I have enjoyed getting to see the people that run this ministry as well as the children. However, transitioning from the U.S. to Tanzania feels like a complete switch. Time seems to move slowly here and the days feel longer. Back home, it felt like there were never enough hours in the day to get things done. My American sense of time makes me see everything here with a great sense of urgency. I must connect with everyone, remember all their names, remember how to respond when someone greets me, and accomplish several tasks each day in order to feel a sense of purpose in me being here. Not only must I do these things, but I must do them right away, pronto, soon—now!
It feels strange for time here to be looser, less punctual, and require a lot more flexibility. As the days go by, I am realizing that I will not have a connection with everyone right away, that is something that comes naturally with time. I can’t remember everyone’s name the first time I hear it, and sometimes I mispronounce them to my own embarrassment. I have yet to master this new language aside from basic greetings and getting annoyed upon hearing the occasional “mzungu!” called out to me from the streets (meaning white person). I don’t always accomplish enough in a day to give that sense of satisfaction where I can pat myself on the back and tell myself, “Well done!” Yet there is something to be admired about time feeling slower.

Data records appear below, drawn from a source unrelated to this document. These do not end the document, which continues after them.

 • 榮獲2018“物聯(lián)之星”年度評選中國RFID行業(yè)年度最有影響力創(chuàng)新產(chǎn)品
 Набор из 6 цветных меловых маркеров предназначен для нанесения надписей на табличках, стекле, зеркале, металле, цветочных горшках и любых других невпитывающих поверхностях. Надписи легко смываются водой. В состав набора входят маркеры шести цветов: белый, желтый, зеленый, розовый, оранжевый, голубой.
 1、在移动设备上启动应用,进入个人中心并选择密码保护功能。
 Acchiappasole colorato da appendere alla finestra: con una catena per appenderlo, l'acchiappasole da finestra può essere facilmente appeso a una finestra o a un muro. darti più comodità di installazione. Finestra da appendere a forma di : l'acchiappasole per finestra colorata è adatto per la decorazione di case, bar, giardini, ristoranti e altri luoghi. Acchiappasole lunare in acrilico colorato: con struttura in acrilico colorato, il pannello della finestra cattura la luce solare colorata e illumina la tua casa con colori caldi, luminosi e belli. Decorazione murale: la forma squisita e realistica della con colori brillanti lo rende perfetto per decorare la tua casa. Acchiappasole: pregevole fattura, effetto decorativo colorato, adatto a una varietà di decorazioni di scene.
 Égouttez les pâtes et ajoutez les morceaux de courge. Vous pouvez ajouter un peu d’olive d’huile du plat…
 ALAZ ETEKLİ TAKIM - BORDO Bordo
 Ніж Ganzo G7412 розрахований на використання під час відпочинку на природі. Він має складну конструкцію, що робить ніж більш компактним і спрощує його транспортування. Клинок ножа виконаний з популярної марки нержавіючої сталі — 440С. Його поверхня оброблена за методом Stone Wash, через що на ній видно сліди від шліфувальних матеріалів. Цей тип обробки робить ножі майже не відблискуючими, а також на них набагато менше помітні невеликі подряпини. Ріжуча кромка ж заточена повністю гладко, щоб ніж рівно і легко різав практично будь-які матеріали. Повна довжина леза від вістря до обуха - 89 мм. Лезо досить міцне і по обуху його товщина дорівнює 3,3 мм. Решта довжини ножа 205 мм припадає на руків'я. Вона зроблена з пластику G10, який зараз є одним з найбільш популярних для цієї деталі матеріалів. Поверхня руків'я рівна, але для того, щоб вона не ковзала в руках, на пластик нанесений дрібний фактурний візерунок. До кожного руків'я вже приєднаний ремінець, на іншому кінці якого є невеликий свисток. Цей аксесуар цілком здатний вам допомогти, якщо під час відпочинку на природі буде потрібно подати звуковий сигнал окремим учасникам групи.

As I write this, I can’t help but remind myself of something I hope to teach future Servant Teams participants: you cannot have long-term goals for a short-term trip. Five months is a short amount of time. For this reason, maybe it’s a blessing that the days feel so long. Maybe I need to learn to be present. To relax and enjoy the afternoon chai we have together in the office. To enjoy the lengthy Swahili church services on Sundays, and take comfort that despite the cultural differences, these are my brothers and sisters in Christ. I need to recognize that the very moments that seem to linger on too long are the same moments that will quickly pass me by. It would not surprise me if these were the moments that I end up missing the most.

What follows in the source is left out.